Bistoquet called upon everyone, particularly the parliamentarians, to fulfill their constitutional mandate and protect the rights of all citizens, leaving no one behind.

The SADC PF SRHR, HIV and Aids Governance Project, which operates in line with model laws developed for the SADC region, provided guidance for the meeting. The activities implemented by parliamentarians have significantly contributed to advancing SRHR, HIV and Aids governance, democracy, and human rights in Seychelles.

Hon. Bistoquet also highlighted the importance of addressing the root causes of vulnerabilities faced by women and girl children in the context of HIV and Aids, as outlined in the Mahé Declaration following the Women's Parliament in Seychelles in 2017.

Seychelles responded to the HIV and Aids epidemic in 1987, with concerted efforts from the government, the Ministry of Health, and various partners. Significant progress has been made, with access to free antiretroviral therapy (ART) and other sexual and reproductive health (SRH) services.

However, challenges remain in achieving the 90-90-90 targets set by the Joint United Nations Programme on HIV/Aids (UNAids) in 2014. The need for regular and long-term care for HIV patients, including ART and SRH follow-up, was emphasised to ensure the success of national Aids responses.

Hon.
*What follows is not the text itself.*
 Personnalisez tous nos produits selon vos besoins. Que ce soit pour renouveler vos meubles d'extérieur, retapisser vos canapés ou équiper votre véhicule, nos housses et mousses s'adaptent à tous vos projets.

Sekgoma described the meeting as an important “celebration of the work done over the years” in implementing the project.

She thanked the National Assembly of Seychelles through the Speaker and the office of the Clerk, without whose leadership “the project would not have taken off in the manner that it did”.
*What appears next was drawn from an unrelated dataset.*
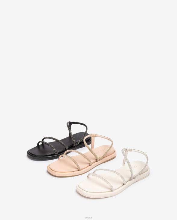 Flat round toe sandal made in leather. Thin straps with glitter and a padded insole for your comfort. Light, flexible and non-slip sole.

She said: “It is for this reason that we are able to ensure inter-parliamentary cooperation at the level of SADC PF. It is because of these robust bonds of commitment that whatever is done in collaboration with the SADC PF becomes successful.”

She said MPs in Seychelles had been “humble and diligent” in the implementation of the project.

“Without you, we would not have any motions or laws to talk about, and the budgets would not reflect the justice that you wish to see in the world,” she said.

She said the project was aligned with the African Charter on Human Rights which emphasises everybody’s entitlement to respect and integrity.

“The multi-sector approach of the project looks at all the three arms of the state to ensure that what our member States accede to is implemented collaboratively by the judiciary, parliament and the executive to ensure all people have the right to services, are protected against discrimination, and their rights are not violated.”

She said the SADC PF was committed to implementing similar projects across all the 15 member States of SADC. For now, the project is being implemented in 10 member States.

Sekgoma explained that the success in implementing the project can be measured by the extent to which it had been institutionalised in Parliament, how relevant regional and international instruments had been domesticated and how other committees in parliaments had embraced it.

She said the active involvement of the Speaker, the Clerk, the Deputy Clerk and dedicated staff including Genevieve Daniel “who has dedicated all her efforts and commitment to ensuring that the targets set out in the project are (met) successfully”, was proof that the project had been institutionalised in Seychelles.

She said SIDA had granted a no cost extension to the project and talks were ongoing to renew it.

She commended Ms Daniel saying: “She has been dedicated to her job. She has put her best foot forward. She has been writing her reports every month. She has been reporting on what is happening in Seychelles through this project and the results which are visible to all of us.”